Если в Китае, например, основная социальная функция научных знаний либо организационно-управленческая (воспитать послушного, исполнительного, трудолюбивого и благонравного члена общества), либо технологическая (инженерные, гидравлические сооружения, технические изобретения), то античность создавала такую систему знаний, которая не имела столь узко-утилитарного и прикладного назначения. Как показал один из крупнейших исследователей восточной культуры Дж. Нидам, наука в Китае служила управленческой бюрократии и носила организованный и коллективный характер, тогда как в Европе она была делом отдельной личности[23].
В Индии и в Египте правящая бюрократия укрепила свое положение к тому же еще и кастовыми правами. Жречество и высшее чиновничество выступило в качестве монополистов знания и было обеспокоено не столько его развитием и приумножением, сколько его сбережением и охраной.
Все эти различия, коренящиеся в особенностях экономической и социально-политической организации древних цивилизаций, отнюдь не говорят о каком-то абсолютном превосходстве одной культуры над другой. Та же китайская наука с точки зрения ее практической эффективности стояла неизмеримо выше европейской вплоть до эпохи Ньютона и оказала на последнюю огромное влияние.
Один из крупных марксистских исследователей древней идеологии М. Рейснер писал, что рациональные учения на Востоке со стороны их тонкости, глубины и смелости обобщений воистину ни в чем не уступают европейской социальной мысли и даже кое в чем значительно превосходят ее. «Нет никакого сомнения, что Восток смог бы и обогнать победоносное развитие Европы, если бы не ряд обстоятельств, остановивших развитие восточного хозяйства и приведших его, с одной стороны, к окостенению и застою, а с другой — к такому развитию мистической, магической и теократической идеологии, которая в конце концов и окрасила собой в глазах европейцев всю восточную культуру»[24].
Современные прогрессивные ученые давно отбросили попытки выводить различия культур из расовой или природно-климатической основы, традиции пресловутого «европоцентризма». Но вместе с тем нельзя оставить без внимания вопрос о том, под воздействием каких социальных условий наука развивается в ту или иную сторону, теми или иными темпами, каковы специфические особенности той или иной культуры, стиль мысли.
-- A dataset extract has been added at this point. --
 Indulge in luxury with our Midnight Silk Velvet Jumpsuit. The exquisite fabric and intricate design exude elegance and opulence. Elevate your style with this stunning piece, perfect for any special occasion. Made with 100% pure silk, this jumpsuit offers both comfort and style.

Без знания таких факторов не продвинуться вперед и в понимании путей совершенствования социального механизма управления наукой.
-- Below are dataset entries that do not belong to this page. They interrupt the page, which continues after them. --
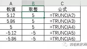除了INT(X)函数可以取整(直接去除小数部分)外,其他还有几个函数有类似功能: ROUND(X,0)进行四舍五入取整; ROUNDDOWN(X,0)向下舍入取整(相当于INT()函数的功能); FOOLR(X)向下舍入取整(相当于INT()函数的功能); EVEN(X)向上舍入取整; CEILING(X,1)向上舍入取整。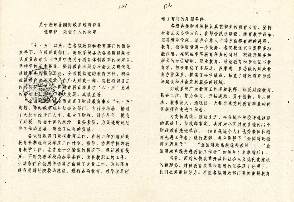 财政部《关于表彰全国财政系统教育先进单位、先进个人的决定的通知》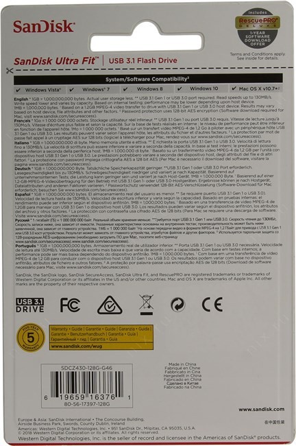 Програма SecureAccess с парольной защитой 128-bit AES шифрованием скачивается с сайта производителя. Подписка на 1 год использования RescuePRO (ПО для восстановления данных скачивается с сайта производителя).

Как уже говорилось, в Древней Греции обращает на себя внимание, прежде всего, интенсивность развития научной мысли. Если использовать модную ныне терминологию, там имело место нечто вроде взрыва идей. Это было не медленно идущее из века в век прирастание знаний, а целый каскад мыслей, обвал, порожденный «первым камешком», брошенным Фалесом.
Поистине поразительна небывалая концентрированность, мощность и всесторонность греческой мысли, ее неукротимое, радостно-чувственное стремление все синтезировать в единую систему и чуть ли не каждой новой системой «начисто» опровергнуть и разрушить предшествующие. Каждый крупный философ стремится переворошить все накопленное до него духовное наследство и воссоздать в идее свой, особый мир, объяснить его заново, перестроить и перекроить сверху донизу, исходя из все новых предпосылок.
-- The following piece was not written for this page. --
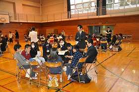 第四中学校の2年生、そして油面小、不動小の6年生が四中に集まり、第2回いじめフォーラムを行いました。10月22日の第1回いじめフォーラム「講演会」を受けた今回の話し合いでは、講師の伊東先生からの三つの課題「講演会を聞いて感したこと、自分が見つけた身近な優しさ、いじめについて今自分が考えること、やるべきこと」を中心に意見を述べ合いました。三つの学校の子どもたちが入った20グループで、中学生が中心になり話し合いを進めました。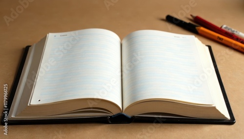 Open exercise book with pencils on brown background spread wide, learning tools, office supplies, paper

Античный философ — это не жрец и чиновный реформатор, подобострастно комментирующий и подправляющий своих предшественников, — это скорее воинствующий и бесстрашный гладиатор, который вышел на арену духа для борьбы не на жизнь, а на смерть, для которого истина — лучшая награда, чем самая жизнь. Это настоящий революционер в области мысли.
Не может быть сомнения в том, что это бурное, интенсивное брожение и клокотание в сфере античной философии, этот дух новаторства и борьбы идей особенно благоприятствовали зарождению и прогрессу античного естественнонаучного знания. Причем прогрессу в чрезвычайно жизнеспособной и совершенной форме, в виде определенных целостных систем, стройных и непротиворечивых внутри себя теорий — геометрии, астрономии, механики, включенных в общую философскую картину мира.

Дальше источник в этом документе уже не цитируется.